Mechanical thrombectomy or Thrombolysis alone (tPA)? A Technical Comparison

Mechanical thrombectomy vs Thrombolysis alone (tPA): a balanced, educational comparison of how each works, their trade-offs, and how INVAMED supports both…

This article compares two approaches side by side to clarify how they differ in principle and practice. Intracranial aneurysms are focal outpouchings of a brain artery wall, and endovascular options aim to seal the aneurysm from circulation to reduce rupture risk. As a medical device manufacturer, INVAMED develops technologies in this area; the information here is educational and not medical advice.

Background: Acute Ischemic Stroke and Intracranial Aneurysm Intervention

Aneurysm techniques include packing the sac with detachable coils and redirecting flow across the neck with a densely braided flow diverter so the sac thromboses over time. Acute ischemic stroke from a large vessel occlusion happens when a clot blocks a major brain artery, cutting off blood flow to a region of brain tissue. Intracranial aneurysms are focal outpouchings of a brain artery wall, and endovascular options aim to seal the aneurysm from circulation to reduce rupture risk.

Mechanical thrombectomy vs Thrombolysis alone (tPA): Key Differences

Mechanical thrombectomy physically removes a large-vessel clot, whereas intravenous thrombolysis relies on a drug to dissolve it. For eligible large-vessel occlusions, thrombectomy can achieve more complete reperfusion, and the two are frequently used together where indicated. Thrombolysis has time and eligibility constraints and does not reliably clear large proximal clots on its own. The stroke team determines the role of each based on occlusion site, timing, and imaging.
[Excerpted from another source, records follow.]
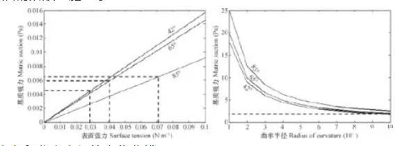 圖2基質吸力隨表面張力和曲率半徑的變化曲線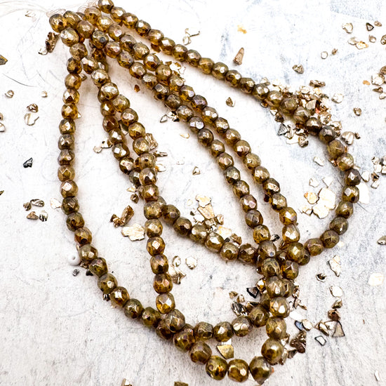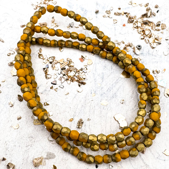 3mm Faceted Round Firepolished Bead Yellow Gold with Etched and Gold Finishes
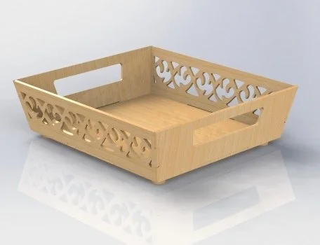 The standout feature of this design is the intricate ornamental side panels that transform a simple tray into an elegant home accessory. The symmetrical pattern ensures balanced aesthetics from all viewing angles, while the integrated handles provide practical functionality. The design optimizes material usage while maintaining structural integrity, and the decorative cutouts reduce weight without compromising strength. The flat-pack design allows for easy assembly and efficient material cutting, making it perfect for both hobbyists and commercial producers.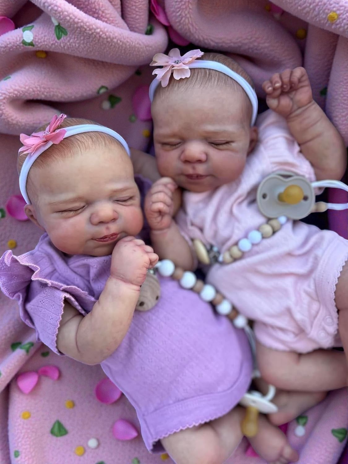 Bonecas Bebé Reborn Gémeas 46cm Silicone Vinílico Corpo Inteiro banhável com acessórios, recém nascidas, olhos fechados

How INVAMED Supports Both Approaches

INVAMED's neurovascular portfolio spans clot retrieval, aspiration, aneurysm packing, embolization, and the access tools that reach the intracranial circulation. Per INVAMED, the Spider coils use a platinum-tungsten 92/8 percent alloy across 2 to 30 mm diameters, and the Libro agent uses EVOH with DMSO and tantalum in multiple viscosity formulas including 6 and 8 percent concentrations. Device sizes, coil diameter ranges, and catheter compatibilities are detailed in product documentation, and buyers should confirm local registration and indication status.

Key Considerations

  • Speed to reperfusion is a central factor in stroke thrombectomy, which shapes device readiness and workflow in eligible patients.
  • Clot characteristics and vessel tortuosity influence whether a stent retriever, aspiration, or combined technique is chosen.
  • All INVAMED neurovascular devices are intended for use by trained neurointerventional operators under imaging guidance and per the IFU.

Frequently Asked Questions

Who determines eligibility for thrombectomy?
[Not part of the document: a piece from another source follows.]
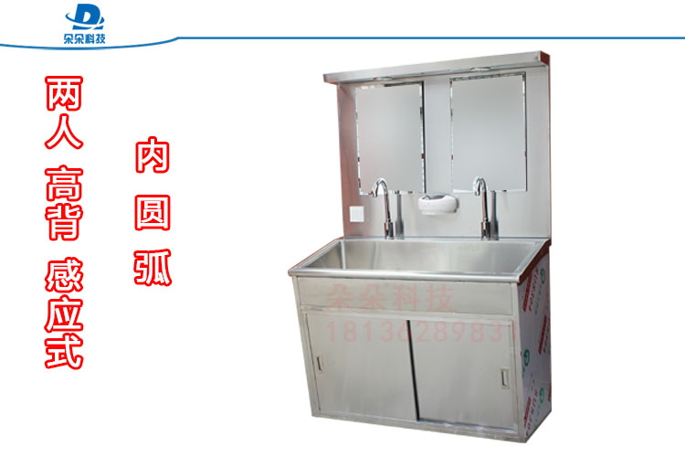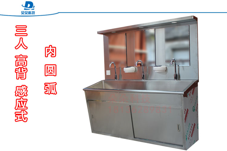 采用进口优质304不锈钢板制造,国际标准,静音防溅,圆弧结构,恒温出水,配备镜灯和感应皂液器,标准型号为1人、2人、3人洗手池,可定制非标各类洗手池。

The treating stroke team determines eligibility using imaging and current criteria; this article is educational and not medical advice.

Are these neurovascular devices CE marked?
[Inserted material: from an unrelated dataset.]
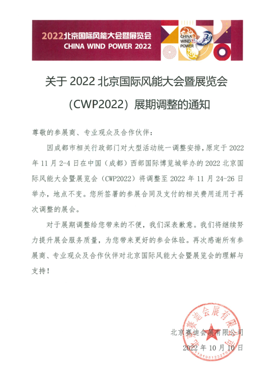根據(jù)成都市相關(guān)行政部門(mén)對(duì)大型活動(dòng)統(tǒng)一調(diào)整安排,原定于2022年11月2-4日在中國(guó)(成都)西部國(guó)際博覽城舉辦的2022北京國(guó)際風(fēng)能大會(huì)暨展覽會(huì)(CWP2022)將調(diào)整至2022年11月24-26日舉辦,地點(diǎn)不變。

Device availability and regulatory status vary by country. Please contact INVAMED or your authorized local distributor for current regulatory information applicable to your region.

What treatment window does INVAMED cite for the KinG device?

According to INVAMED product content, the KinG device is described as capturing and extracting cerebral artery clots within a treatment window of up to 24 hours; eligibility is a clinical determination.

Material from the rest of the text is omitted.